Sunday afternoon saw Peter Sagan of Slovakia win his third consecutive World Championships, retaining the rainbow jersey he’s now picked up on three continents. There was a gap before his celebration began as he didn’t initially know he’d beaten Alexander Kristoff in a photo finish. A couple of bike lengths back was Michael Matthews, with Matteo Trentin fourth and Ben Swift in fifth.
As the field passed the finish line in the Old Town of Bergen for the penultimate time, there were still over 100 men in the field. Inevitably, the attacks came on the final climb of Salmon Hill, with Julian Allaphillipe cresting the hill with a slender lead. He was joined by Gianni Moscon, with Nicki Terpstra and Phillipe Gilbert not far behind.
Nine kms from the end there was doubt over whether the two leaders would stay clear of a fragmenting chase pack, but the gap never cleared ten seconds and a rampaging back were never going to give them the rope to stay clear on a winding finale. Vasil Kiryenka made the junction but was also pulled back. We lost coverage for part of the run into the finish and after that, a dimished but still sizable group fought out the sprint.
The earlier stages of this mammoth race had seen the usual break go clear without any meaningful chances, and as the laps began the teams with multiple options looked to put men in repeated attacks, but none gained any significant gaps. The final lap also saw a crash as riders jockeyed for position at the foot of Salmon Hill, with multiple Belgian riders among those seeing their chances lost after more than six hours in the saddle.

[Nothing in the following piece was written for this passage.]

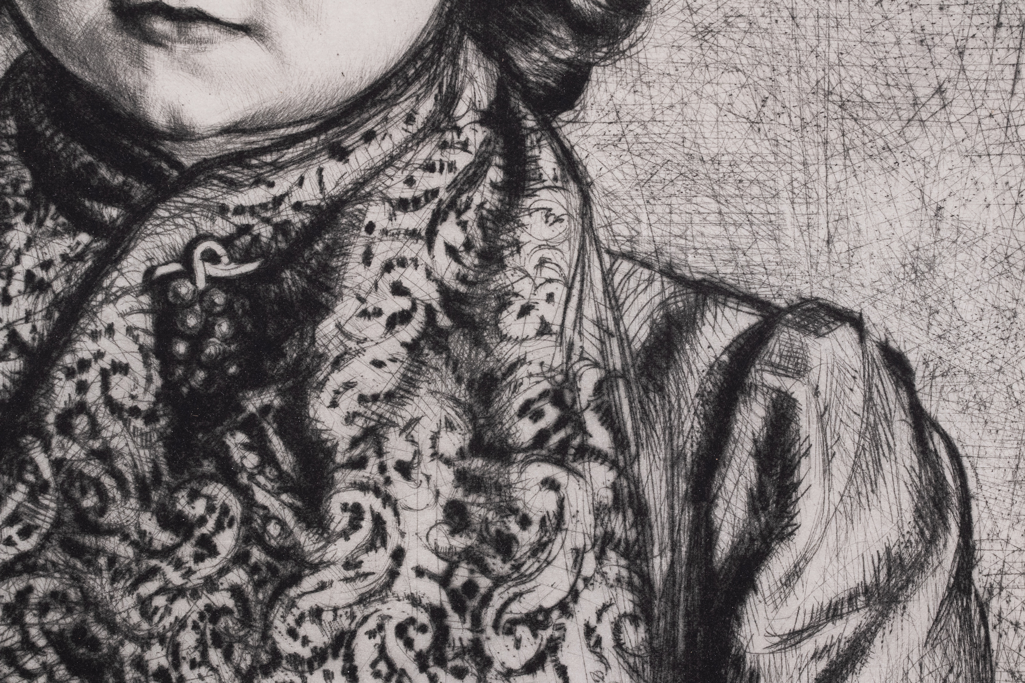 Vernis mou, drypoint. 32.3×24.9 cm

Slovakia will of course be the happiest nation, whilst Kristoff demonstrated once again that the harder the race, the better his chances. Matthews will be disappointed not to have got closer to the winners, after some poor positioning in the finish, whilst the result was superb for both Trentin and Swift. Poland worked hard to miss the top ten entirely. Belgium, Germany and France also had plenty of chances and little to show in the finale.
Sagan recovered from illness to take the start but once he was present at the finish, he was always going to be tough to beat, and he again proved why he’s the biggest name in cycling. He dedicated his victory to Michele Scarponi, who would have celebrated his birthday tomorrow.
With a very different parcours to follow in Innsbruck next year, the classics specialists will now be waiting for Yorkshire for their next chance of rainbows.